The lines to repeat run from the one containing "公定レート:$1=12000" through the last line of the records below; repeat them exactly and give nothing more.
################
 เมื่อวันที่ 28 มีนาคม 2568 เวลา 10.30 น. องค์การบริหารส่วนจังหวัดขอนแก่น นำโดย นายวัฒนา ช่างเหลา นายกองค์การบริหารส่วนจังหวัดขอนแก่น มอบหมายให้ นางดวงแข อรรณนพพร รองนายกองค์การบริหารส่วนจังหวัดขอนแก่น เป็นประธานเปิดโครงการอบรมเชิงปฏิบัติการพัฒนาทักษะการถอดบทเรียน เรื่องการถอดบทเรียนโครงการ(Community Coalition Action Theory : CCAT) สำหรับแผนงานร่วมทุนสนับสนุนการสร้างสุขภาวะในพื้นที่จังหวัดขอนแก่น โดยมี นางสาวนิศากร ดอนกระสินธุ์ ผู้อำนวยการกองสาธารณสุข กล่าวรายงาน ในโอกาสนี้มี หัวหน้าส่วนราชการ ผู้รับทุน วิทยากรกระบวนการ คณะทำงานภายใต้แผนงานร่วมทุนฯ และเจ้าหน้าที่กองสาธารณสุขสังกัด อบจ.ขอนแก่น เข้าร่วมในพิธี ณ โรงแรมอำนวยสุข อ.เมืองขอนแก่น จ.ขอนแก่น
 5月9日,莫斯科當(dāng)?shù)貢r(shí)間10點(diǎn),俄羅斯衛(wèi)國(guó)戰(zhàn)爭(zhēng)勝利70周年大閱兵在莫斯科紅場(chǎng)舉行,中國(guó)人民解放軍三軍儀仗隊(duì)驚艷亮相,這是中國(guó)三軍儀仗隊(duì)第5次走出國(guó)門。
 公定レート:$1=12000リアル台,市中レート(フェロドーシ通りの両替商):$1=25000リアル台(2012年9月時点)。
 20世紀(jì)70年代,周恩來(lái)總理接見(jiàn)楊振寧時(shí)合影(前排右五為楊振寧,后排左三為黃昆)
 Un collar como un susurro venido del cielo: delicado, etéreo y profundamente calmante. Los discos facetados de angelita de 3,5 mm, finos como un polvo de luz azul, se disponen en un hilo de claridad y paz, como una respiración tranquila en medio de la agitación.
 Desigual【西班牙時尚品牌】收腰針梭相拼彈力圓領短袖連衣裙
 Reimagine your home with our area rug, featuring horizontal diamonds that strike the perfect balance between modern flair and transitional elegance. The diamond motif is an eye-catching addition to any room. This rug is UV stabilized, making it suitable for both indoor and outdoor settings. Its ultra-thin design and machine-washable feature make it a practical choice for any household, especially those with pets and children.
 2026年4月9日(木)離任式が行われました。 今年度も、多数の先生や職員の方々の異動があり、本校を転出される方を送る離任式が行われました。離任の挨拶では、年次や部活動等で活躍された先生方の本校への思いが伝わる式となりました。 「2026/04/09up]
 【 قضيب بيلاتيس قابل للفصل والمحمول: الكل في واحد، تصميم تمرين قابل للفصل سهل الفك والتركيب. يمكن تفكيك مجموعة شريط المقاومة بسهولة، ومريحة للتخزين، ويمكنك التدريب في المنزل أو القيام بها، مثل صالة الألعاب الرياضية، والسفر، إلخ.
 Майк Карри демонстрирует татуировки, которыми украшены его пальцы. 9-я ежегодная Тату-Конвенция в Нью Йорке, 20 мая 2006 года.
################
▶ [RESPONSE AREA]
 公定レート:$1=12000リアル台,市中レート(フェロドーシ通りの両替商):$1=25000リアル台(2012年9月時点)。
 20世紀(jì)70年代,周恩來(lái)總理接見(jiàn)楊振寧時(shí)合影(前排右五為楊振寧,后排左三為黃昆)
 Un collar como un susurro venido del cielo: delicado, etéreo y profundamente calmante. Los discos facetados de angelita de 3,5 mm, finos como un polvo de luz azul, se disponen en un hilo de claridad y paz, como una respiración tranquila en medio de la agitación.
 Desigual【西班牙時尚品牌】收腰針梭相拼彈力圓領短袖連衣裙
 Reimagine your home with our area rug, featuring horizontal diamonds that strike the perfect balance between modern flair and transitional elegance. The diamond motif is an eye-catching addition to any room. This rug is UV stabilized, making it suitable for both indoor and outdoor settings. Its ultra-thin design and machine-washable feature make it a practical choice for any household, especially those with pets and children.
 2026年4月9日(木)離任式が行われました。 今年度も、多数の先生や職員の方々の異動があり、本校を転出される方を送る離任式が行われました。離任の挨拶では、年次や部活動等で活躍された先生方の本校への思いが伝わる式となりました。 「2026/04/09up]
 【 قضيب بيلاتيس قابل للفصل والمحمول: الكل في واحد، تصميم تمرين قابل للفصل سهل الفك والتركيب. يمكن تفكيك مجموعة شريط المقاومة بسهولة، ومريحة للتخزين، ويمكنك التدريب في المنزل أو القيام بها، مثل صالة الألعاب الرياضية، والسفر، إلخ.
 Майк Карри демонстрирует татуировки, которыми украшены его пальцы. 9-я ежегодная Тату-Конвенция в Нью Йорке, 20 мая 2006 года.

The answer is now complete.